If used, it will reuse the RIFF WAVE format:

  • If encoded without extensions, it may use the IMA ADPCM tag (wFormatTag=0x0011).
    • In this mode, only power-of-2 fudging is used.
    • The audio data will be approx 2% shorter if decoded as normal ADPCM.
  • With extensions, it will use a different tag (wFormatTag=0x7B1C).

Table of Contents

General Block Format

Simple Case:

  • Block coded as in IMA ADPCM (Mono)
    • init:WORD //Initial Predictor
    • step:BYTE //Initial Step
    • pfcn:BYTE //0 or Predictor Function
    • data:BYTE[] //4 bits/sample
  • Block coded as in IMA ADPCM (Stereo)
    • init_l:WORD //Left Initial Predictor
    • step_l:BYTE //Left Initial Step
    • pfcn_l:BYTE //0 or Predictor Function
    • init_r:WORD //Right Initial Predictor
    • step_r:BYTE //Right Initial Step
    • intr_r:BYTE //0 or Interpolation Data
    • data:BYTE[] //4 bits sample, interleaved left/right
  • Or, As extended Joint-Stereo (BTAC1C Stereo Only)
    • init_c:WORD //Center Initial Predictor
    • step_c:BYTE //Center Initial Step
    • pfcn_c:BYTE //0 or Center Predictor Function
    • init_s:WORD //Side Initial Predictor (or Offset)
    • step_s:BYTE //Side Initial Step (128..216)
    • pfcn_s:BYTE //0 or Side Predictor Function
    • data:BYTE[] //3 or 4 bits/sample
Step (Right/Side):
  • 0..88: Normal ADPCM Block (Split Stereo)
    • Samples encoded at 4 bit each.
    • Split stereo will have a separate left and right channel, with both in this range.
    • Split stereo will have 1/2 the effective sample rate as Mono or J-S encoding.
  • 89: Mono Channel (Stereo Ext)
    • Only left-channel predictor state is used.
    • Audio data encodes a mono channel, which is duplicated to both.
    • Right channel initial predictor interpreted as an L/R offset.
    • May encode an interleaved left/right channel offset towards center.
  • 90..127: Reserved
  • 128..216: Joint Stereo (Stereo Ext)
    • 16 bit sample blocks, 4x 3-bit center, 4 bit side.
      • 0..2=Center0, 3..5=Center1, 6..8=Center2, 9..11=Center3, 12..15=Side
    • Side channel will be stored at 1/4 the sample rate of the center channel.
    • The 3 bit samples will behave the same as a 4 bit sample with the LSB padded with a 0.
  • 217..255: Reserved
In mono samples, BTAC1C will use the same base format as IMA ADPCM.
  • Stereo blocks or stereo extensions may not be used in Mono mode.
BTAC1C will impose a constraint over normal ADPCM that both the storage block and logical sample block are to be power of 2 sizes.

The storage block will be a power-of-2 size, but will only encode 2^N-8 samples.

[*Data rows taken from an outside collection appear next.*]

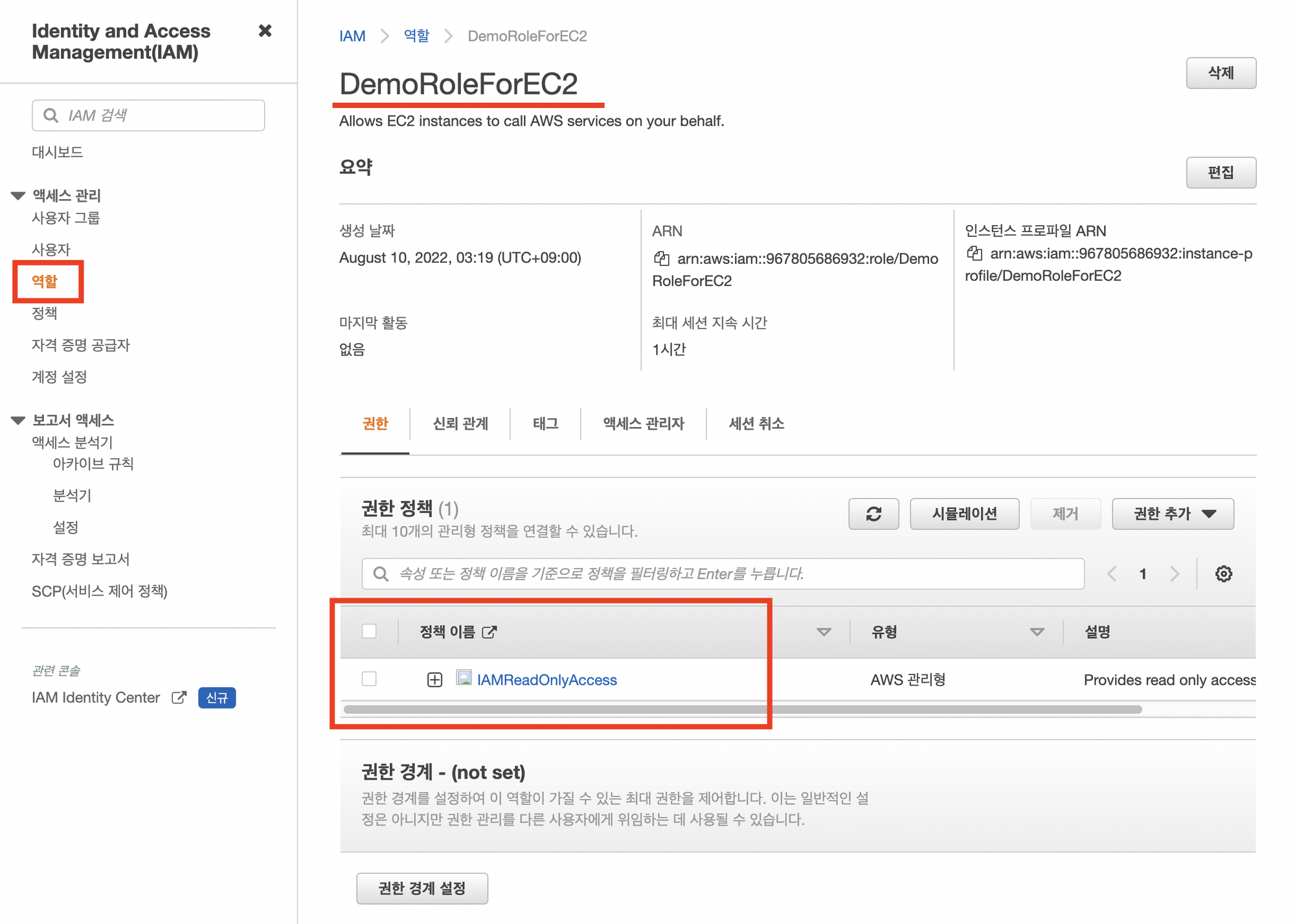- 만들어 놓은 역할(DemoRoleForEC2)에 연결된 정책은 IAMReadOnlyAccess
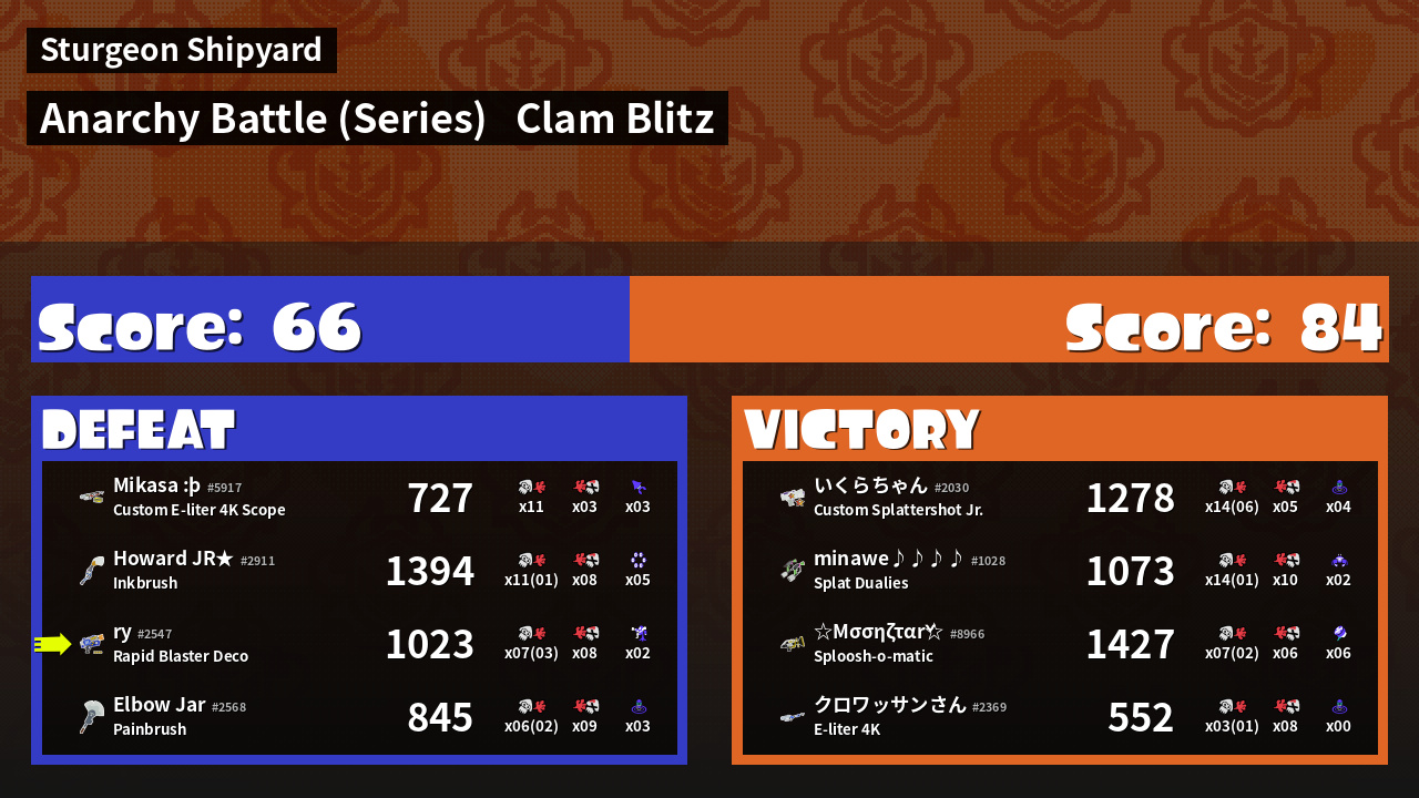 | Medals | #1 Clam Carrier #1 Splat Assister #2 Score Booster | ||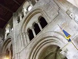 En la nave se esculpen capiteles con gallones, algunos de los cuales se trabajan con entrelazados, motivos vegetales, hojas de acanto cercanas a las de la catedral de Canterbury. Los capiteles del coro son más variados y, a veces, historiados. El más famoso, en el nave lateral sur, firmado ROBERT ME FECIT representa personajes rígidos y cortos como suspendidos entre el cielo y la tierra. En el centro hay un rey, con un hombre sentado y un ángel, a la izquierda, y un hombre sosteniendo una filacteria y una máscara, a la derecha. Este capitel es una reminiscencia de los de la abadía de Saint-Georges-de-Boscherville y de la abadía de Graville en Normandía. Filas de modillones, a veces tallados, corren bajo las cornisas externas.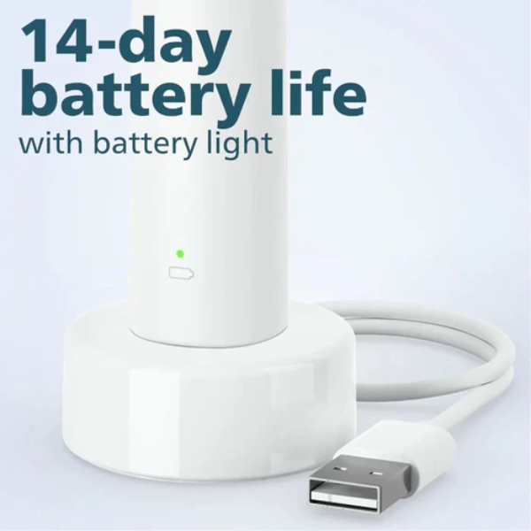 Bàn chải điện Sonicare với công nghệ sonicare tiên tiến được chứng minh lâm sàng về khả năng loại bỏ mảng bám hiệu quả hơn gấp 3 lần* so với bàn chải thường. Bàn chải này loại bỏ mảng bám trên răng và dọc theo đường viền nướu, đồng thời bảo vệ nướu răng của bạn

Every 2^(N-3) samples, there will be a missing sample. During decoding, these missing samples are to be filled in with the average of the 2 adjacent samples (or a duplicate of the prior sample for the last sample).

The result will be that the recording will be slightly shorter if decoded as normal ADPCM than as BTAC1C.

Example, a block will be 512 bytes, and will encode 1016 samples. A filler sample will be inserted every 128 samples for this block size.

For split stereo blocks (in BTAC1C mode), similarly samples will be either doubled or averaged to make up for the 2x difference in effective sample rate.

In extended stereo mode, the block will encode 2^N-16 samples (rather than 2^N-8), as a result 16 logical pad samples are inserted per block.

For split stereo blocks (in ADPCM mode), then the stereo data is at the normal sample rate (and 8 logical samples are inserted).

BTAC1C WAVEFORMATEX

  • Constists of a normal WAVEFORMATEX
  • Followed by 2 magic bytes (0xF9, 0x03), inherited from MS IMA ADPCM.
    • Don't actually know their purpose.
  • Any additional byes will be interpreted as TLV data.
    • TWOCC('PF')
      • 4+ 9/18/27/36 bytes, interpreted as 1-4x 9-byte predictor functions.
      • Each consists of 8 weight bytes (signed), and a scale byte.
      • Internally, this is converted into a fixed-point FIR filter.
      • Weight bytes are nominally 4.4 fixed-point (-8.0 to 7.94).
      • Scale value is a 5.3 minifloat, which is multiplied with the weights.
  • TWOCC(T):
    • 8L-LL TT-TT
      • Max Length=4kB (4092 bytes of payload)
    • 9L-LL-LL-LL TT-TT
      • Max Length=256MB
  • FOURCC(T):
    • AL-LL TT-TT-TT-TT
      • Max Length=4kB (4092 bytes of payload)
    • BL-LL-LL-LL TT-TT-TT-TT
      • Max Length=256MB

Sample Data (Mono and Split Stereo)

Encoded with 4 bits per sample:

  • Bits 0..3=First Sample
  • Bits 4..7=Second Sample
For split stereo, audio is encoded in blocks of 32 bits:
  • 32 bits, left channel
  • 32 bits, right channel

Joint Stereo

Definitions:

  • Audio data consists of a series of 16-bit sample words
    • Each sample word is little endian.
    • 16 bit sample blocks, 4x 3-bit center, 4 bit side.
      • 0..2=Center0, 3..5=Center1, 6..8=Center2, 9..11=Center3, 12..15=Side
  • Center=(Left+Right)/2
  • Side=Left-Center
  • Otherwise it is functionally similar to other ADPCM blocks.
In joint-stereo mode, if both predictor bytes are 0, then the LSB of the center values is padded with 0. If either predictor byte is non-zero, then the LSB is padded with 1 if the other two low bits are 1.

Extended Predictors

The low 4 bits of the reserved/pfcn byte are used as a predictor:

  • 0=A (Last Sample)
  • 1=2*A-B
  • 2=(3*A-B)/2
  • 3=(5*A-B)/4
  • 4=(A+B)-(C+D)/2
  • 5=(3*(A+B)-(C+D))/4
  • 6=(5*(A+B)-(C+D))/8
  • 7=(18*A-4*B+3*C-2*D+1*E)/16
  • 8=(72*A-16*B+12*C-8*D+5*E-3*F+3*G-1*H)/64
  • 9=(76*A-17*B+10*C-7*D+5*E-4*F+4*G-3*H)/64
  • 10=(5*(A+B+C+D)-(E+F+G+H))/16
  • 11=(A+B+C+D+E+F+G+H)/8
  • 12-15=One of 4 filters given in the WAVEFORMATEX.
The high 4 bits are currently reserved.

For joint-stereo resv_c and resv_s will be used.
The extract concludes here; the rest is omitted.